To do:
Once the line with "6,05 | Anfrage |" is found in the entries below, repeat it and each following line exactly, up to and including the line with "شاهد.. صغار الفيلة". Add no other lines.

Entries taken from a collection:
+--

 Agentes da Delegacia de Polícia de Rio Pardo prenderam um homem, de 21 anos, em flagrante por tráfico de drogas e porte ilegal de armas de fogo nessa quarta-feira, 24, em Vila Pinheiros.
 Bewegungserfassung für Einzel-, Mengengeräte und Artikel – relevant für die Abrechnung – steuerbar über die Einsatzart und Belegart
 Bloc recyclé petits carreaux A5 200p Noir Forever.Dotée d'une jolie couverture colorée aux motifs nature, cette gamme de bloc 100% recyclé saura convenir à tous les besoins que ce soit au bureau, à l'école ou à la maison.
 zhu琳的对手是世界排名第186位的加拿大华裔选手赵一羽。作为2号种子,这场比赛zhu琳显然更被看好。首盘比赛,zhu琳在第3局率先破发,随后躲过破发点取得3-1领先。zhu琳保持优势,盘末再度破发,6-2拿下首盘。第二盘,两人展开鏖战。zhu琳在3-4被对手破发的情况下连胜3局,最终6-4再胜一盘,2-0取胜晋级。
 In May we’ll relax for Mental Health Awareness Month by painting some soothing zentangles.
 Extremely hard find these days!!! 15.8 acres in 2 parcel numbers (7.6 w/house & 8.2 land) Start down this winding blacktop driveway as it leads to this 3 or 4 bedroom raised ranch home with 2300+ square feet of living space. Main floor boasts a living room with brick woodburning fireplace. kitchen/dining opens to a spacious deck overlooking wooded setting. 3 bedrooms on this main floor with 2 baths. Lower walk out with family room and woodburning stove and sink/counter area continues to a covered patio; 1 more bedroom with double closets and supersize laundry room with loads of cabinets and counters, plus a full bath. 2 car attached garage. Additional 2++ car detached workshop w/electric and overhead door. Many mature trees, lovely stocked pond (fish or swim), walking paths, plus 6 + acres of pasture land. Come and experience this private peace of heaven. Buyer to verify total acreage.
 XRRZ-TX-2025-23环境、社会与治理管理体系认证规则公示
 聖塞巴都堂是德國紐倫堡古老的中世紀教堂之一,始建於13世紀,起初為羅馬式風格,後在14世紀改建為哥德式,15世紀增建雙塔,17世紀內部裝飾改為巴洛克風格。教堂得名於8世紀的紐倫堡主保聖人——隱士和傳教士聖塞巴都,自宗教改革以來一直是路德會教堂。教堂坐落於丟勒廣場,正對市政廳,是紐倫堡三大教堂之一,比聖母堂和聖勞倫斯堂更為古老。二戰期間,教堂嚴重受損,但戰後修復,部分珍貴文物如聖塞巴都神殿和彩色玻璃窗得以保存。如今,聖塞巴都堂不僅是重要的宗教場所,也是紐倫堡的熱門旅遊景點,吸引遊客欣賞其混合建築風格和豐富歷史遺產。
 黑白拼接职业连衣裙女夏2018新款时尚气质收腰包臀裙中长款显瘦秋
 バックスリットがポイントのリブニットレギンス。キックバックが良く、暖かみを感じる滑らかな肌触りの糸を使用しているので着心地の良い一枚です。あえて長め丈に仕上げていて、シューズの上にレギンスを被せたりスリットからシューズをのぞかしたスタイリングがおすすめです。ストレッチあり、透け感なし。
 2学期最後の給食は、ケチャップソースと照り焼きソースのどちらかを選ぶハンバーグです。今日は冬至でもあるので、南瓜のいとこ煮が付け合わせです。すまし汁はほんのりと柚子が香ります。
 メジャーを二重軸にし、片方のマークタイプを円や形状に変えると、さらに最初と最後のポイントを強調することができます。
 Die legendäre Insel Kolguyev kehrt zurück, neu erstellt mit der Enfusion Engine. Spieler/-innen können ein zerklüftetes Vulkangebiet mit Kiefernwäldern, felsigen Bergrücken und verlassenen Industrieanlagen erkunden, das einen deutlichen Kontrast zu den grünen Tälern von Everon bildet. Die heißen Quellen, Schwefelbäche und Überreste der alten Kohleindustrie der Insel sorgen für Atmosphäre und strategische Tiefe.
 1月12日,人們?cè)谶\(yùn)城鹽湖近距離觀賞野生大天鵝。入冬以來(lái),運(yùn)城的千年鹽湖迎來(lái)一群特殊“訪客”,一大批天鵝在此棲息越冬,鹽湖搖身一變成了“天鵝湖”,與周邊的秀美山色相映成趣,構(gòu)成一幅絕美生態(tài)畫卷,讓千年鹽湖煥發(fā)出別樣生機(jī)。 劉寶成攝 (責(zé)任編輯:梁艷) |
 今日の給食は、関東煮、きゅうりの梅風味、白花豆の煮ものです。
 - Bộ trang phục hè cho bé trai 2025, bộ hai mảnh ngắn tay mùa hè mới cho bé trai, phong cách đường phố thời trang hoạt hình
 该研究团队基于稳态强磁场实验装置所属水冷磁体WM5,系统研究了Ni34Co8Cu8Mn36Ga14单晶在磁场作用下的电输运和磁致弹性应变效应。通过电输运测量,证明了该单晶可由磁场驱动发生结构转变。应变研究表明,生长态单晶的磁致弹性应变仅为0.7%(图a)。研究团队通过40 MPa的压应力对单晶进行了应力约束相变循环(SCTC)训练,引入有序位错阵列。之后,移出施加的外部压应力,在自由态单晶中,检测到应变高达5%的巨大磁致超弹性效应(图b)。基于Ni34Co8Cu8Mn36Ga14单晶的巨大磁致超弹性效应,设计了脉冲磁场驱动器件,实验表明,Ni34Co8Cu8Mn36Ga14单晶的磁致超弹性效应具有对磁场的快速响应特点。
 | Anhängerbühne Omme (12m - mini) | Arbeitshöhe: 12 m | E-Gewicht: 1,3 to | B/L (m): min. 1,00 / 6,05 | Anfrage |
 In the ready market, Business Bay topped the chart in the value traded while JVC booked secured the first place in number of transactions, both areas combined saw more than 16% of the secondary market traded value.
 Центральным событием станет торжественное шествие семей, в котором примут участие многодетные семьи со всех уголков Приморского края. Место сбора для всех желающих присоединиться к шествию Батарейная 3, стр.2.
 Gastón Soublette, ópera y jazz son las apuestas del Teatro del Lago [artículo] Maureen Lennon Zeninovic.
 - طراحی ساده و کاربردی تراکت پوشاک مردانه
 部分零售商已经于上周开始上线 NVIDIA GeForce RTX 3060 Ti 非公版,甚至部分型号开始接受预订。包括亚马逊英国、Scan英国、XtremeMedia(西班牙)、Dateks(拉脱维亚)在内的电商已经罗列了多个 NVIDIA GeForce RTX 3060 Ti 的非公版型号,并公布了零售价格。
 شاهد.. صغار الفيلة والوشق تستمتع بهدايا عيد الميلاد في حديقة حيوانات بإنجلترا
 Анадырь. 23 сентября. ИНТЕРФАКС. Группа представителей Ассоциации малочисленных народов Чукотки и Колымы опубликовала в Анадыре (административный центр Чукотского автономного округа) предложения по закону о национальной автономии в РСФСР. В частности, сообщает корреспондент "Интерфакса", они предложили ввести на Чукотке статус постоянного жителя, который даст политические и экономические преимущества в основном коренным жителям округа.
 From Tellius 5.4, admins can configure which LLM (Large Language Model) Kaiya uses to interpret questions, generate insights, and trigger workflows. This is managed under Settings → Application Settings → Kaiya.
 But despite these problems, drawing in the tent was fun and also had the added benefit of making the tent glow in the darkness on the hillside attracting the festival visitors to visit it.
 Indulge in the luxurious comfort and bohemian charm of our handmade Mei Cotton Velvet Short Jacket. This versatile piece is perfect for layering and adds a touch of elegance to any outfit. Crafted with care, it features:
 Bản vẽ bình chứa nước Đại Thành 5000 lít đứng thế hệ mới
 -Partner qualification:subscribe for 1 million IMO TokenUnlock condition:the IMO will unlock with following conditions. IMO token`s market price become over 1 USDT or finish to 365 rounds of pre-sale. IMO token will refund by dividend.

+--

Finished task:
 | Anhängerbühne Omme (12m - mini) | Arbeitshöhe: 12 m | E-Gewicht: 1,3 to | B/L (m): min. 1,00 / 6,05 | Anfrage |
 In the ready market, Business Bay topped the chart in the value traded while JVC booked secured the first place in number of transactions, both areas combined saw more than 16% of the secondary market traded value.
 Центральным событием станет торжественное шествие семей, в котором примут участие многодетные семьи со всех уголков Приморского края. Место сбора для всех желающих присоединиться к шествию Батарейная 3, стр.2.
 Gastón Soublette, ópera y jazz son las apuestas del Teatro del Lago [artículo] Maureen Lennon Zeninovic.
 - طراحی ساده و کاربردی تراکت پوشاک مردانه
 部分零售商已经于上周开始上线 NVIDIA GeForce RTX 3060 Ti 非公版,甚至部分型号开始接受预订。包括亚马逊英国、Scan英国、XtremeMedia(西班牙)、Dateks(拉脱维亚)在内的电商已经罗列了多个 NVIDIA GeForce RTX 3060 Ti 的非公版型号,并公布了零售价格。
 شاهد.. صغار الفيلة والوشق تستمتع بهدايا عيد الميلاد في حديقة حيوانات بإنجلترا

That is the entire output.